One option is to use the state’s pravaasi (non-resident) population as a resource, he says. Raghunandan Singh Tolia, the former chief secretary of Uttarakhand, too feels the diaspora could be relied upon to rehabilitate the villages. The real issue, he says, arises from the abandoned land and houses that cannot be claimed by the state or developed. “They remain in a state of disrepair so long as the diaspora does not come back and take interest in its own roots.”
He adds that organisations like the Centre for Aromatic Plants in Selaqui near Dehradun have attempted to arrest migration by offering aromatic plants to farmers as a plantation alternative. “This could be scaled up, but only if families in the villages agree to take this up,” he says. But since landholdings are small and the soil is semi-fertile, the produce is limited, making villagers desperate to move away from agriculture.
According to a report in Mail Today, the Rashtriya Swayamsevak Sangh launched its gaon wapasi campaign at Dehradun in May. Under this programme, titled Mera Gaon, Mera Teerth (my village, my pilgrimage), RSS will hold regular meetings with non-resident Uttarakhandis across the country and appeal to them to return to their villages and hometowns at least once a year.

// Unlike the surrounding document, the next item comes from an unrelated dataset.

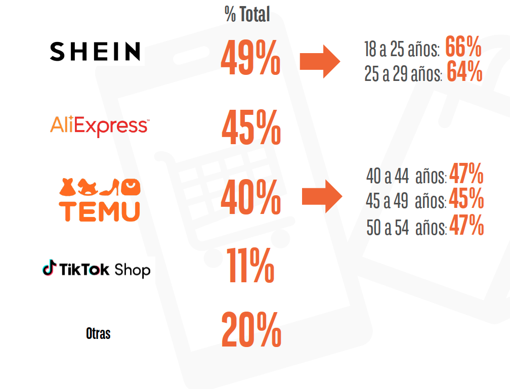 Temu por su parte, es más utilizada por aquellos consumidores con edades entre los 40 y 54 años con porcentajes superiores al 45%.
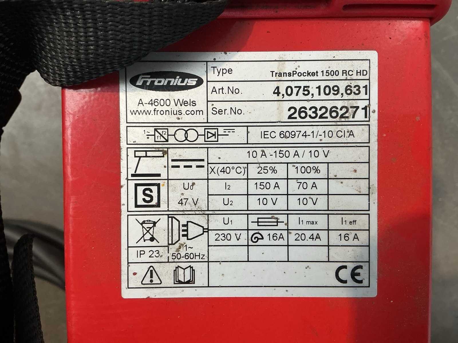 Let op! Dient te worden nagekeken Nee Merk: Fronius Type: TransPocket 1500RC Electrode type: true Inverter type: true Draagbaar: true Ampère belasting: 150A Aansluiting: 220V

Sah finds the desire to own houses in cities has destroyed the spirit of community living. This is on ample display in villages like Pangot, where villagers have sold their lands to resort owners and there are more “outsiders” than native village folk. “Once they sell their land, they don’t know what to do with the money. You’ll find men working as chowkidars at the same properties they once used to own.”
Twenty kilometres from Nainital, Pangot is a bird-watcher’s paradise. Tourists from cities walk around the lanes inside the village. Despite the posters about not littering, these lanes are dotted with stray wrappers and other garbage — the telltale signs of callous tourism.
Besides the tourists, the other striking feature is the construction in the village. Sprawling farmland has given way to tall, concrete buildings that will soon become resorts. A young woman walks ahead of her group of friends, explaining to them in perfect English why she chose to buy land here. A sustainable, community-driven model of tourism seems to have escaped Pangot.
Nima Joshi, a local, stops a Tata Sumo carrying vegetables to chat with the driver. Her family is one of the few who have not sold their land yet. When I ask her if she would also sell her land, she becomes a little resentful. “I’m sure those who have sold their land are happy with their lives. But how will we earn money if we don’t grow crops? The money won’t be enough to sustain us in big cities,” she says.
People seem to stay back for lack of alternatives rather than any rootedness to their village.